Анатолий Злобин - Бонжур, Антуан!
— Я предлагаю сфотографироваться на фоне этой замечательной панорамы. Человек, а за ним огромный город, это весьма символично, не правда ли? Я расскажу вам, что перед нами.
— Да, да, мсье…
Льеж раскинулся у моих ног, но это я коленопреклоненно припадал к его камням и плитам. Я прилетел сюда с лёгким сердцем в надежде обрести покой, а вместо этого нашёл тревогу. Я не искал её, она сама явилась и потребовала: «Узнай и отомсти!» Кто ныне ответит тревоге моей, чтобы унять её и развеять? Я переглядываюсь с мерцающим окном под дальней крышей, обращаюсь к древнему собору, который видел и знает все, пытаю ответ под быстрым колесом, бегущим по мосту, пронизываю взглядом теснину улицы, ловлю гудок медлительного буксира.
— На первом плане перед нами мост Святого Леопольда, за ним мост де Зарж… — президент Поль Батист добросовестно трудится над каменной книгой города, но он не в силах помочь мне сегодня.
Что было на мосту?
Льеж безответно лежал внизу, многолико жил, спешил, тосковал. Он охватывался единым взглядом и распадался на тысячи подробностей. Отовсюду прорастал и вздымался камень: шпили соборов, ажурные бордюры замков, купола церквей, резкие взлёты современных зданий, щетинистые трубы, крутые крыши, эстакады. Камень мостов, площадей, фасадов. Солнце стояло ещё высоко, окна домов слепо темнели, но за каждым была своя жизнь. Ряды, полосы, строчки окон. За которым сейчас Матье Ру? Что он делает сейчас? Бреется ли перед зеркалом или обедает на крыше ресторана, а может быть, надевает свежую рубаху или едет в машине по мосту; взял трубку телефона, трясётся в трамвае, стоит в соборе перед алтарём. Не исключено, что он подошёл к окну или свернул на набережную, привычно глянул из машины на холм со старой цитаделью, наши взгляды перекрестились на миг, но мы даже не увидели друг друга.
Он там, но нет его…
— Теперь, когда мы полюбовались этой великолепной панорамой, нам предстоит осмотреть цитадель. Эта старая крепость основана в семнадцатом веке, чтобы защищать город от врагов. Во время войны в цитадели томились политические узники, сейчас мы пройдём к стене, где немцы расстреливали свои жертвы.
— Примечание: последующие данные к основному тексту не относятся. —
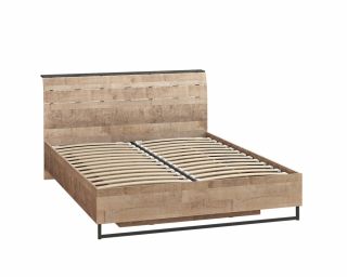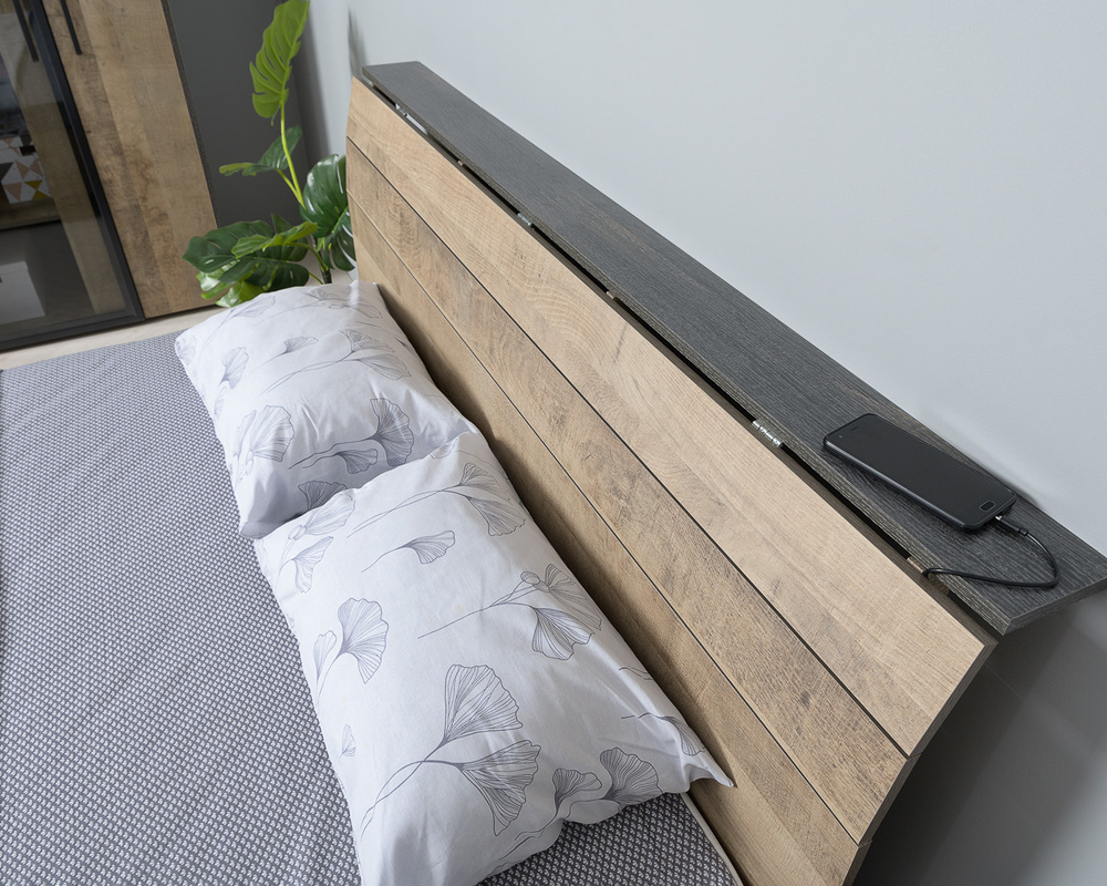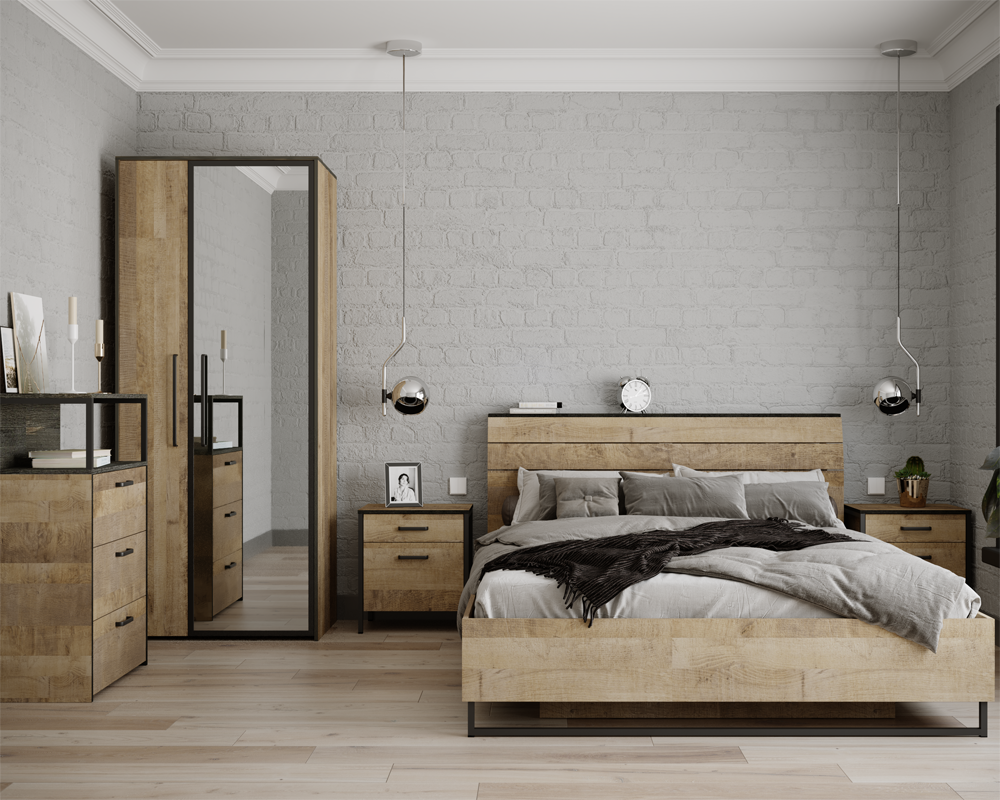Брутальная спальня в стиле лофт. Планкованное изголовье с изгибом — два варианта конфигурации: с полкой и без неё. Кровать может быть оснащена ортопедическим основанием с подъёмным механизмом, который открывает доступ к вместительному коробу для хранения.

Сколько было нынче могил, монументов! Мы проезжали по набережным и мостам, выходили из машины, стояли, склонив головы: монумент жертвам первой мировой войны, памятник погибшим на второй, скульптурная группа в честь павших героев Сопротивления. Кресты, склонённые фигуры, плиты с именами — словно Поль Батист де Ла Гранж до конца моих дней хотел нашпиговать меня памятью о павших.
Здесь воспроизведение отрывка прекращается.